[Stored items]

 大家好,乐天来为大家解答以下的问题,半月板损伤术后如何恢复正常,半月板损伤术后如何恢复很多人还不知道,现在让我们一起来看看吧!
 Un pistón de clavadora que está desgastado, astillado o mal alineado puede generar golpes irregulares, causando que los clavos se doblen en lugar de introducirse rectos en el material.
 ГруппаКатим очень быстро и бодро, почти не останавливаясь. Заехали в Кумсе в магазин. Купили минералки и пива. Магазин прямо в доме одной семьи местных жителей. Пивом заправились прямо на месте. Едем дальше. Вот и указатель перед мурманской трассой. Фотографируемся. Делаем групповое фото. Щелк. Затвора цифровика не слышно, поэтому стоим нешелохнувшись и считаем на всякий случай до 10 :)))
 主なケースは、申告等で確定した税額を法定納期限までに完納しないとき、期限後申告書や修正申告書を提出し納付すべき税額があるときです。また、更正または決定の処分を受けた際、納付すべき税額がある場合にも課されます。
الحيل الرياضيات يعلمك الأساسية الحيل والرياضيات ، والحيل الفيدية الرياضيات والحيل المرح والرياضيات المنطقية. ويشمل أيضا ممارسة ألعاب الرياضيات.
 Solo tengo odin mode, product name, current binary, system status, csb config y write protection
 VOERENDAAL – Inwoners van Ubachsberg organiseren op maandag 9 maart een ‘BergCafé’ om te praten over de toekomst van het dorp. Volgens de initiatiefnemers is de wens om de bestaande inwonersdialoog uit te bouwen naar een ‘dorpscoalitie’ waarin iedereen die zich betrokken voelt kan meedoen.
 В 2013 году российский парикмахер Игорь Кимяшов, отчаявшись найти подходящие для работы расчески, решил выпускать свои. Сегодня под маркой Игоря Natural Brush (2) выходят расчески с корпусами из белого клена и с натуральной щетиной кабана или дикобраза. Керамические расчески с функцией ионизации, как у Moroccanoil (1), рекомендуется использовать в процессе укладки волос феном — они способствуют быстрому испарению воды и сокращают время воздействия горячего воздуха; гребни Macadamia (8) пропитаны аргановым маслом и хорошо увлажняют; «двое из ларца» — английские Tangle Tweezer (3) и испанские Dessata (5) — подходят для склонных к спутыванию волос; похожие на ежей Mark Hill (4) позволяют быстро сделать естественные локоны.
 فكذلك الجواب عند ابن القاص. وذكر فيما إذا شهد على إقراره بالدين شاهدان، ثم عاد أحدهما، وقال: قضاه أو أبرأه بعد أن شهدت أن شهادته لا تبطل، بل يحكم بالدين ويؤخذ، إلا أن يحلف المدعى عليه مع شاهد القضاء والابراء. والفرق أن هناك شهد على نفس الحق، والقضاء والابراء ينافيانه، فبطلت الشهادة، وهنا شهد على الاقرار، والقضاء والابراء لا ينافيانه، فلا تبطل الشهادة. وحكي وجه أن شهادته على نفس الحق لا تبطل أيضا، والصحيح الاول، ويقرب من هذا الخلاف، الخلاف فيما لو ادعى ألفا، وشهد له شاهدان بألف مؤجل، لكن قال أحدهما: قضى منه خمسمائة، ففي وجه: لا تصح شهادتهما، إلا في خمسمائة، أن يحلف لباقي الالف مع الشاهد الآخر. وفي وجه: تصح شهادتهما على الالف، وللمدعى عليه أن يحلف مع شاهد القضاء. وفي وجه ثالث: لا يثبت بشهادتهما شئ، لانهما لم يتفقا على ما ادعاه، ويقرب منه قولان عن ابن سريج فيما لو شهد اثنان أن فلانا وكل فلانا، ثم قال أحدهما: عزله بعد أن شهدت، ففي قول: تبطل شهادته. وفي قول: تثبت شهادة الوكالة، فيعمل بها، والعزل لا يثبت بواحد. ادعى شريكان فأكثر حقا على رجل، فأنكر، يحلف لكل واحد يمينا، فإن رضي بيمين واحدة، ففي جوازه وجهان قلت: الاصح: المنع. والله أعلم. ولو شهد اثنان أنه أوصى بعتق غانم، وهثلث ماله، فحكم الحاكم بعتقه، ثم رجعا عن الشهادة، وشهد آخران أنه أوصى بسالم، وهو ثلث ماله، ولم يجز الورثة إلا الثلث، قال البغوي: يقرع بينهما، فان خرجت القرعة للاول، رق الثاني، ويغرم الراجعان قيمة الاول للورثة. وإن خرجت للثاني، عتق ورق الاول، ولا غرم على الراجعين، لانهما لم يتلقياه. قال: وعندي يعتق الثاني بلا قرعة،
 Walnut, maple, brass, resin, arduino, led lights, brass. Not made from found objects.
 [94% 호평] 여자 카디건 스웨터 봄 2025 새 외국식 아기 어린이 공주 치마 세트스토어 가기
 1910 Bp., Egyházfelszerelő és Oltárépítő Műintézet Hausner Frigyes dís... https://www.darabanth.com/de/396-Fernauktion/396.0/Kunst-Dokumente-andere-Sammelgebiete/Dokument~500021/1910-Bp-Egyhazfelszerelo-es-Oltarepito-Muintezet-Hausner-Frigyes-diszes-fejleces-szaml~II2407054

● What you need to do
From the records above, reproduce exactly the lines from the one with "Un pistón de" to the one with "VOERENDAAL – Inwoners", both included, and no others.

● Answer section
 Un pistón de clavadora que está desgastado, astillado o mal alineado puede generar golpes irregulares, causando que los clavos se doblen en lugar de introducirse rectos en el material.
 ГруппаКатим очень быстро и бодро, почти не останавливаясь. Заехали в Кумсе в магазин. Купили минералки и пива. Магазин прямо в доме одной семьи местных жителей. Пивом заправились прямо на месте. Едем дальше. Вот и указатель перед мурманской трассой. Фотографируемся. Делаем групповое фото. Щелк. Затвора цифровика не слышно, поэтому стоим нешелохнувшись и считаем на всякий случай до 10 :)))
 主なケースは、申告等で確定した税額を法定納期限までに完納しないとき、期限後申告書や修正申告書を提出し納付すべき税額があるときです。また、更正または決定の処分を受けた際、納付すべき税額がある場合にも課されます。
الحيل الرياضيات يعلمك الأساسية الحيل والرياضيات ، والحيل الفيدية الرياضيات والحيل المرح والرياضيات المنطقية. ويشمل أيضا ممارسة ألعاب الرياضيات.
 Solo tengo odin mode, product name, current binary, system status, csb config y write protection
 VOERENDAAL – Inwoners van Ubachsberg organiseren op maandag 9 maart een ‘BergCafé’ om te praten over de toekomst van het dorp. Volgens de initiatiefnemers is de wens om de bestaande inwonersdialoog uit te bouwen naar een ‘dorpscoalitie’ waarin iedereen die zich betrokken voelt kan meedoen.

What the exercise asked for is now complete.